New insights in the systemic and molecular underpinnings of general anesthetic actions mediated by γ-aminobutyric acid A receptors.

Objective: The review highlights novel insights into the role of γ-aminobutyric acid A (GABAA) receptors in mediating clinically relevant actions of anesthetic agents.

Results: GABAA receptors in the hippocampus are located on glutamatergic pyramidal cells and GABAergic interneurons. Etomidate-induced inhibition of a synaptic correlate of learning and memory is caused by receptors on nonpyramidal neurons, likely on interneurons that incorporate α5 subunits. Selective enhancement of α2 subunit containing GABAA receptors in the spinal cord provides antihyperalgesia against inflammatory and neuropathic pain without causing sedation, motor impairment, and tolerance development. Inflammation, traumatic brain injury, and exposure to anesthetic agents modify the expression patterns of GABAA receptors in a subtype-specific manner. These modifications may persist for weeks. The neuroactive steroid alphaxalone causes fast-onset and short-duration anesthesia in humans. Cardiovascular and respiratory side-effects are less severe than with propofol.
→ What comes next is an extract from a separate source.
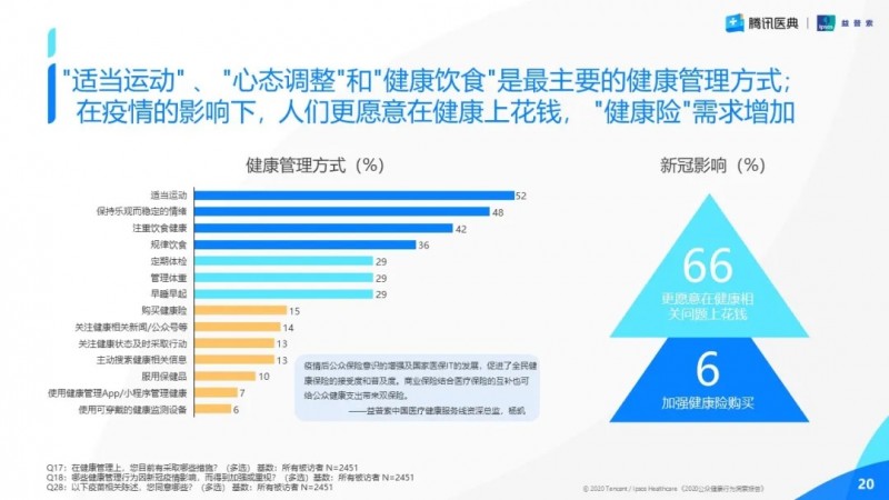 除了更積極地應(yīng)對(duì)已發(fā)生的健康問(wèn)題外,疫情也讓公眾更加意識(shí)到保持健康的重要性,"防范于未然"的意識(shí)得到了全面的提升。后疫情時(shí)代的公眾健康管理方式呈現(xiàn)出從“被動(dòng)治療”到“主動(dòng)預(yù)防”,“生理健康”和“心理健康”兩手抓的趨勢(shì)。在疫情的影響下,有66%的公眾表示更愿意在健康上花錢(qián)了,疫情激發(fā)了公眾對(duì)“健康險(xiǎn)”的需求。益普索中國(guó)醫(yī)療健康服務(wù)線資深總監(jiān)楊凱認(rèn)為,疫情后公眾保險(xiǎn)意識(shí)的增強(qiáng)及國(guó)家醫(yī)保IT的發(fā)展,促進(jìn)了全民健康保險(xiǎn)的接受度和普及度。商業(yè)保險(xiǎn)結(jié)合醫(yī)療保險(xiǎn)的互補(bǔ)也可給公眾健康支出帶來(lái)雙保險(xiǎn)。
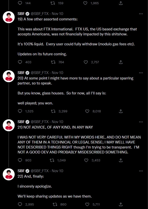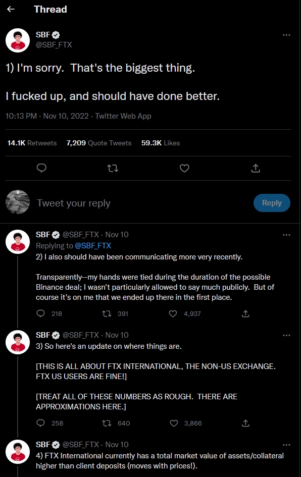 FTX身為全球第二大加密貨幣交易所,卻在一夕之間面臨破產倒閉的命運,創辦人山姆.班克曼弗里德(Sam Bankman-Fried,SBF)推文致歉,洋洋灑灑共列出22點聲明,強調接下來會盡可能將資金還給用戶,也向所有人致歉自己做錯了。

Conclusions: Identification of the molecular and cellular substrates involved in anesthesia and insights into disease and drug-induced alterations in the expression patterns of GABAA receptors in the central nervous system are emphasizing the need for individualized anesthesia care. Introducing neuroactive steroids into clinical anesthesia is expected to reduce cardiovascular and respiratory side-effects.